TK-Chain®
Website:
tk-chain.com
Job details:
Eteraflex Connects is a specialized contract research organization (CRO) delivering top-tier clinical trial services to pharmaceutical, biologic, biotechnology, and medical device/diagnostic companies. Eteraflex Connects provides a technology-enabled service offering that combines deep clinical services expertise with the technology clients need to be successful in their clinical trials, supporting programs from compound selection through Phase I-IV studies.
Position Summary
The Principal Statistical Programmer is responsible for coordinating and programming of clinical data analyses in support of clinical trials. The role partners closely with biostatisticians, data management, project leaders, and sponsors to deliver high-quality, validated programming output that supports statistical analysis plans (SAPs), regulatory submissions, and clinical study reports. This position also contributes to process improvement, mentors junior programmers, and may serve as a Project Leader on project teams.
Responsibilities
· Coordinate and program clinical data analyses in support of assigned clinical studies.
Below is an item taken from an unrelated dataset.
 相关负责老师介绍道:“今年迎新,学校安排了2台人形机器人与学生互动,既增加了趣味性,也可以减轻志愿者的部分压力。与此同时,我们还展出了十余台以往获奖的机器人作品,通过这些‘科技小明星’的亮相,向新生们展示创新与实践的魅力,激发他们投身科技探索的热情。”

· Analyze and evaluate clinical data, recognize inconsistencies, and initiate resolution of data problems.
· Program using the SAS language to support clinical analysis and reporting activities.
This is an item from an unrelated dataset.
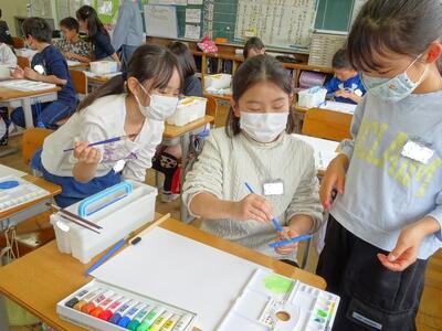 【1年生】1枚目と2枚目の写真は、図画工作の「わたしのおひさま」の学習の様子です。「おひさま」から感じたことや想像したことを、好きな色や形で描いていきます。いろいろなおひさまができました。

· Implement statistical analysis plans (SAPs) and produce analysis datasets, tables, listings, and figures.
· Consult, as needed, in the design and development of clinical trials, protocols, and case report forms (CRFs).
· Validate the work of other programmers and perform independent QC of programming deliverables.
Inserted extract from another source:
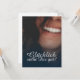 ¡Glücklich steht Dir gut! Kompliment Karte mit lachendem Frauengesicht und handschriftlichen Grüßen auf der Vorderseite der Karte. Restliche Flächen stehen zur freien Verfügung.

· Ensure the maintenance of programming documentation (e.g., descriptions of programs and validation records).
· Interact regularly with statisticians, data management personnel, project leaders, and sponsors.
· Communicate project status, risks, and resource issues to management in a timely manner.
· Investigate and propose initiatives for improving efficiency, standards, and programming quality.
· Serve as Project Leader on project teams when assigned, managing timelines, budgets, and deliverables.
· Contribute to and take part in client evaluations, visits, and bid defenses.
· Provide mentoring and technical guidance to junior programming staff.
Qualifications
· Bachelor's degree required; Master's degree preferred in a scientific discipline.
· SAS Advanced Programming Certificate preferred.
· Minimum 10+ years of relevant work experience.
· Minimum 10+ years of experience in drug development and/or clinical research.
· Thorough knowledge of computer systems, applications, and operating systems.
· Strong analytical skills with the ability to simplify complex issues into understandable concepts.
· Demonstrated ability to mentor junior staff.
Skills
· Strong written and verbal communication skills, including a good command of the English language.
· Proficiency with various computer applications such as Word, Excel, and PowerPoint.
· Expert knowledge/experience of SAS/Base, especially macros, arrays, formats, and ODS.
· Expert knowledge of SAS/STAT and SAS/GRAPH.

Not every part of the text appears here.